Add Jarníková, et al, 2022 to publications page

SKOG, the SalishSeaCast carbonate chemistry model.

salishsea_site/templates/about/publications.mako

@@ -127,6 +127,23 @@
             https://doi.org/10.5194/os-2021-66
           </a>
         </p>
+
+      <h2>SKOG, the carbonate chemistry component of SalishSeaCast</h2>
+      <p>
+        The three-dimensional carbonate chemistry model was developed and used to determine 
+        the anthropogenic increase in Salish Sea coastal carbon content in:
+      </p>
+      <p>
+        Jarníková T., Ianson D., Allen S.E., Shao A.E., Olson E.M.. 2022.
+        Anthropogenic carbon increase has caused critical shifts in aragonite saturation
+        across a sensitive coastal system.
+        <em>Global Biogeochemical Cycles</em>, 36(7).
+      </p>
+      <p>
+        <a href="https://doi.org/10.1029/2021GB007024">
+          https://doi.org/10.1029/2021GB007024
+        </a>
+      </p>
     </div>
   </div>
 
@@ -346,7 +363,7 @@ have been described in many other tidally influenced coastal systems.",
       <h3>
         Jarníková, <em>et al</em>, 2021. 
         A clustering approach to determine biophysical provinces and physical drivers of 
-        productivity dynamics in a complex coastal sea. 
+        productivity dynamics in a complex coastal sea
       </h3>
     </div>
   </div>
@@ -381,6 +398,56 @@ elucidates probable physical mechanisms controlling phytoplankton abundance and
 composition.

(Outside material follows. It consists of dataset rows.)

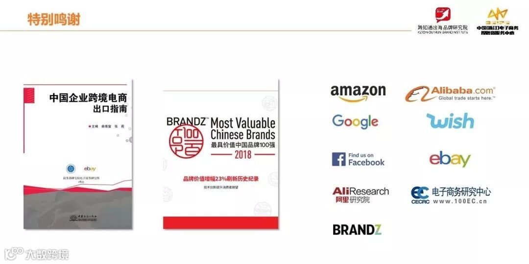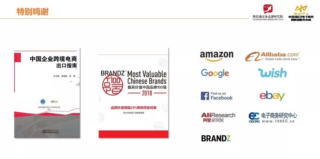 最后,感谢下面这些机构,很多数据来自这个平台发布的报告和公布的数据,这里尤其感谢商务部研究院电子商务研究所张莉所长和eBay王晓忠老师所写的《中国企业跨境电商出口指南》,其中一些观点,我们直接引用了书中的论点,大家可以看看,对企业出口有非常大的帮助。另外,我们报告的设计和榜单的形式,参考了BRANDZ所做的一系列价值报告的形式,他们的设计非常精美,我们借鉴了他们的排版。所以你会看到一份128页,6万多字,图文并茂的分析报告。我们希望给中国的出口跨境电商行业带来新的思考和行业的经验总结。
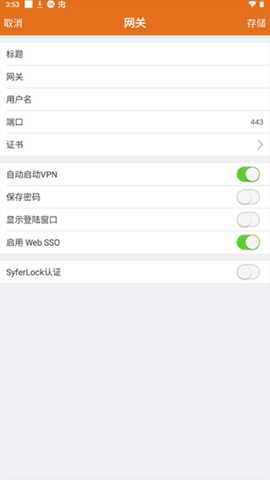 完成配置后,点击右上角的存储以保存设置。首次登录时,可能会出现证书错误提示,用户可选择继续。之后,输入校园信息门户的密码,点击登录即可。
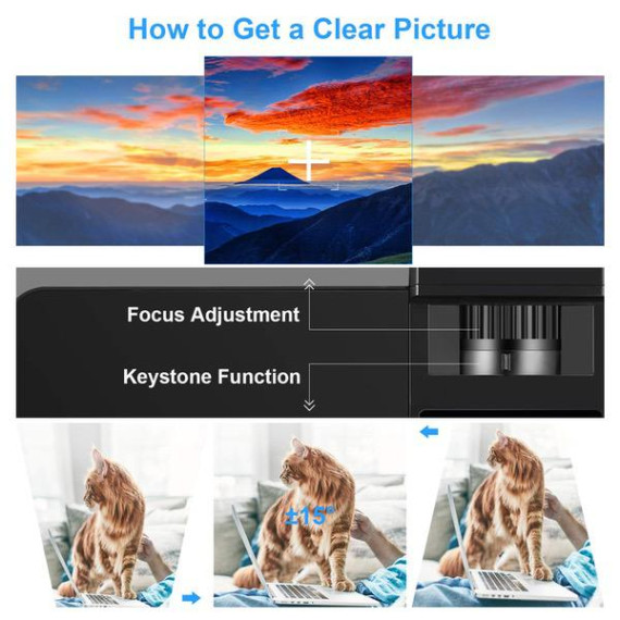- 【 Enjoy Big Screen Home Theater 】: Projection size: 30-200 inches with projection distance 3.3ft - 19.7ft(1-6m), the shortest distance to focus is 3.3ft, and the optimal projection distance is 7.2ft, which will give you the best watching experience. The +/- 15 keystone correction function will ensure you get a clear display.
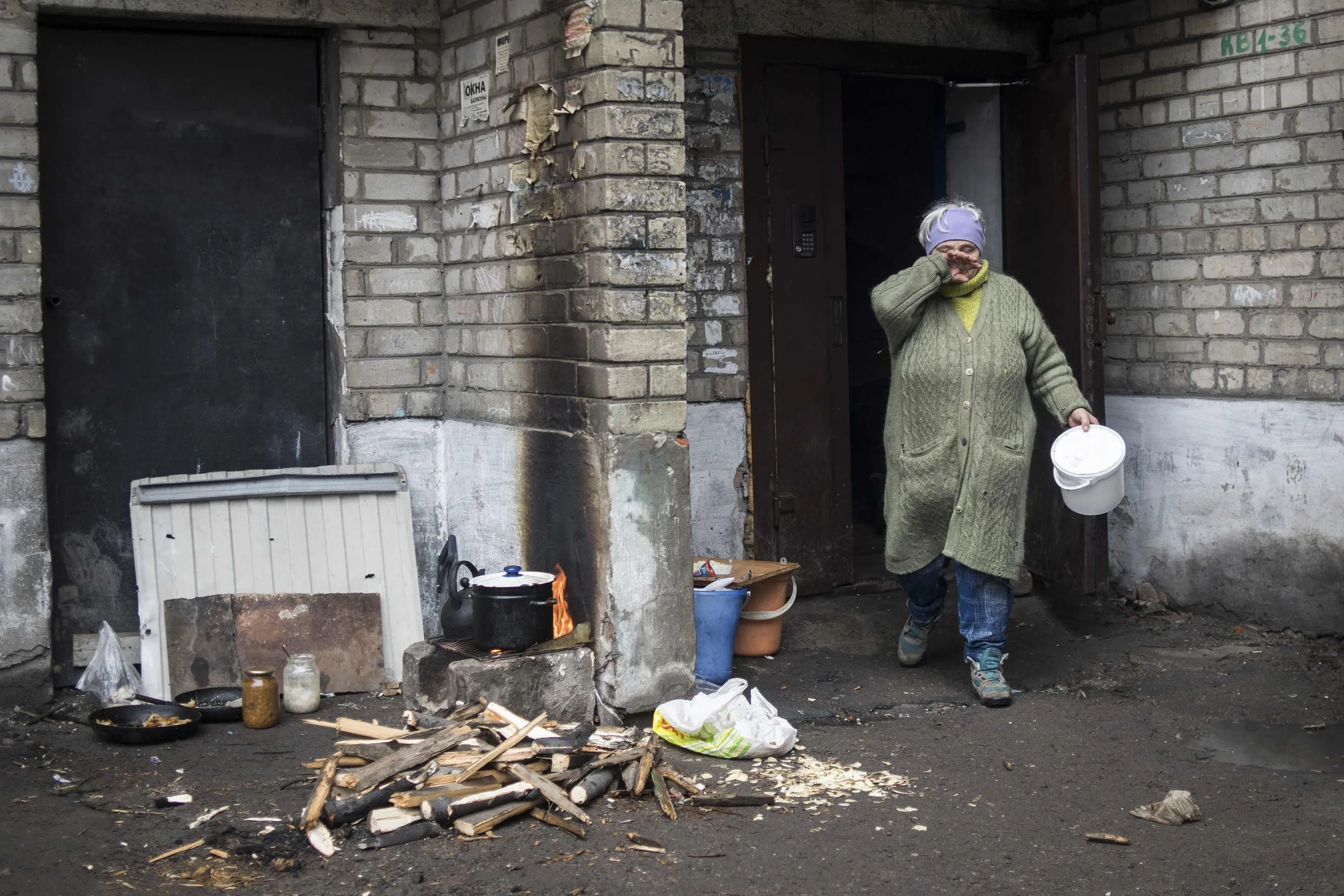 A woman walks to cook on a fire outside her house in Debaltseve, February 3, 2015. (Photo by Sergey Polezhaka/Reuters)
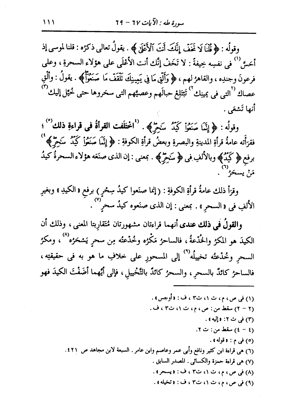 §وَقَوْلُهُ: {إِنَّمَا صَنَعُوا كَيَدُ سَاحِرٍ} [طه: 69] اخْتَلَفَتِ الْقُرَّاءُ فِي قِرَاءَةِ قَوْلِهِ، فَقَرَأَتْهُ عَامَّةُ قُرَّاءِ الْمَدِينَةِ وَالْبَصْرَةِ وَبَعْضُ قُرَّاءِ الْكُوفَةِ {إِنَّمَا صَنَعُوا كَيْدُ سَاحِرٍ} [طه: 69] بِرَفْعِ كَيْدَ وَبِالْأَلِفِ فِي سَاحِرٍ بِمَعْنَى: إِنَّ الَّذِي صَنَعَهُ هَؤُلَاءِ السَّحَرَةُ كَيْدٌ مِنْ سَاحِرٍ. وَقَرَأَ ذَلِكَ عَامَّةُ قُرَّاءِ الْكُوفَةِ: (إِنَّمَا صَنَعُوا كَيْدُ سِحْرٍ) بِرَفْعِ الْكَيْدِ وَبِغَيْرِ الْأَلِفِ فِي السِّحْرِ بِمَعْنَى إِنَّ الَّذِي صَنَعُوهُ كَيْدُ سِحْرٍ. وَالْقَوْلُ فِي ذَلِكَ عِنْدِي أَنَّهُمَا قِرَاءَتَانِ مَشْهُورَتَانِ مُتَقَارِبَتَا الْمَعْنَى، وَذَلِكَ أَنَّ الْكَيْدَ هُوَ الْمَكْرُ وَالْخِدْعَةُ، فَالسَّاحِرُ مَكْرُهُ وَخِدْعَتُهُ مِنْ سِحْرٍ يُسْحَرُ، وَمَكْرُ السِّحْرِ وَخِدْعَتُهُ: تَخَيُّلُهُ إِلَى الْمَسْحُورِ، عَلَى خِلَافِ مَا هُوَ بِهِ فِي حَقِيقَتِهِ، فَالسَّاحِرُ كَائِدٌ بِالسِّحْرِ، وَالسِّحْرُ كَائِدٌ بِالتَّخْيِيلِ، فَإِلَى أَيِّهِمَا أَضَفْتُ الْكَيْدَ فَهُوَ
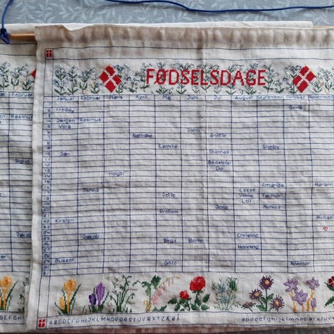 Navneklude/fødselsdagskalender. Håndarbejdets Fremme. Ida Winkler m.fl.
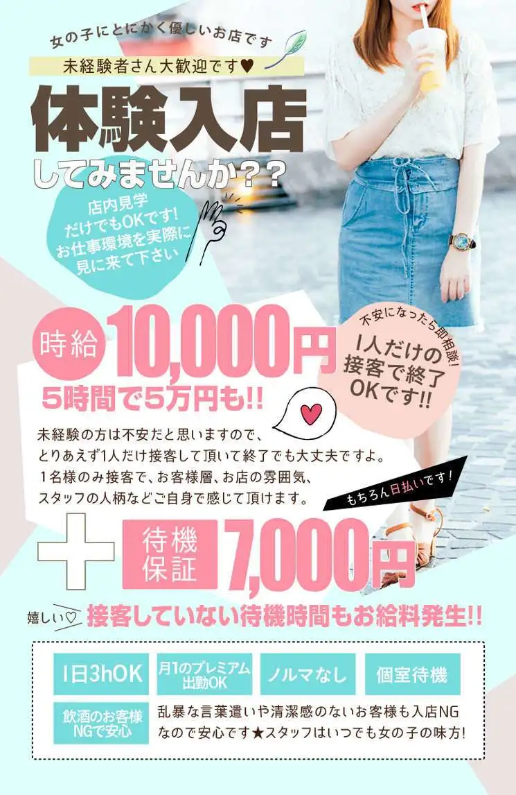 まずはお試し体験からスタート!1時間のみ・1名接客のみとご希望の体験をして頂けます。もちろん体験時の保証もしっかりとさせて頂きます。1時間1万円・2時間2万円と体験時間ごとに体験保証額を完全保証致します。まずは一度1日体験から始めてみましょう♪
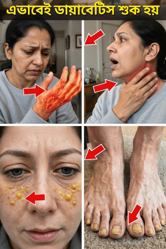 আরও একটি গুরুত্বপূর্ণ বিষয় হলো, কিছু লক্ষণ ত্বকে দেখা যায় বা শরীরের এমন অনুভূতির মাধ্যমে প্রকাশ পায়, যা প্রথমে রক্তে শর্করার সঙ্গে সম্পর্কিত বলে মনে নাও হতে পারে।

It also demonstrates a simple, powerful technique for finding 
 structure in large datasets and determining boundaries of biophysical provinces.",
     doi = "10.5194/os-2021-66",
+}
+      </pre>
+    </div>
+  </div>
+
+  <div class="row">
+    <div class="col-md-12">
+      <h3>
+        Jarníková, <em>et al</em>, 2022. 
+        Anthropogenic Carbon Increase has Caused Critical Shifts in Aragonite Saturation 
+        Across a Sensitive Coastal System
+      </h3>
+    </div>
+  </div>
+  <div class="row">
+    <div class="col-md-8 col-md-offset-1">
+      <pre>
+@article{Jarnikova-etal-2022,
+    author = "Jarníková T., Ianson D., Allen S.E., Shao A.E., Olson E.M.",
+    title = "Anthropogenic Carbon Increase has Caused Critical Shifts in
+Aragonite Saturation Across a Sensitive Coastal System",
+    journal = "Global Biogeochemical Cycles",
+    year = "2022",
+    volume = "36",
+    number = "7",
+    url = "https://doi.org/10.1029/2021GB007024",
+    keywords = "coastal ocean acidification, carbon cycle, ocean acidification,
+sub-mesoscale ocean model, anthropogenic carbon, aragonite saturation",
+    abstract = "Estuarine systems host a rich diversity of marine life that is
+vulnerable to changes in ocean chemistry due to addition of anthropogenic carbon.
+However, the detection and impact of secular carbon trends in these systems is
+complicated by heightened natural variability as compared to open-ocean regimes.
+We investigate biogeochemical changes between the pre-industrial (PI) and modern
+periods using a high-resolution, three-dimensional, biophysical model of the
+Salish Sea, a representative Northeast Pacific coastal system. While the seasonal
+amplitude of the air-sea difference in pCO2 has increased on average since
+pre-industrial times, the net CO2 source has changed little. Our simulations show
+that inorganic carbon has increased throughout the model domain by 29–39 mmol m−3
+(28–38 µmol kg−1) from the pre-industrial to present. While this increase is modest
+in a global context, the region's naturally high inorganic carbon content and the
+low buffering capacity of the local carbonate system amplify the resultant effects.
+Notably, this increased carbon drives the estuary toward system-wide undersaturation
+of aragonite, negatively impacting shell-forming organisms. Undersaturation events
+were rare during the pre-industrial experiment, with 10%–25% of the domain
+undersaturated by volume throughout the year, while under present-day conditions,
+the majority (55%–75%) of the system experiences corrosive, undersaturated conditions
+year-round. These results are extended using recent global coastal observations to
+show that estuaries throughout the Pacific Rim have already undergone a similar
+saturation state regime shift.",
+    doi = "10.1029/2021GB007024",
 }
       </pre>
     </div>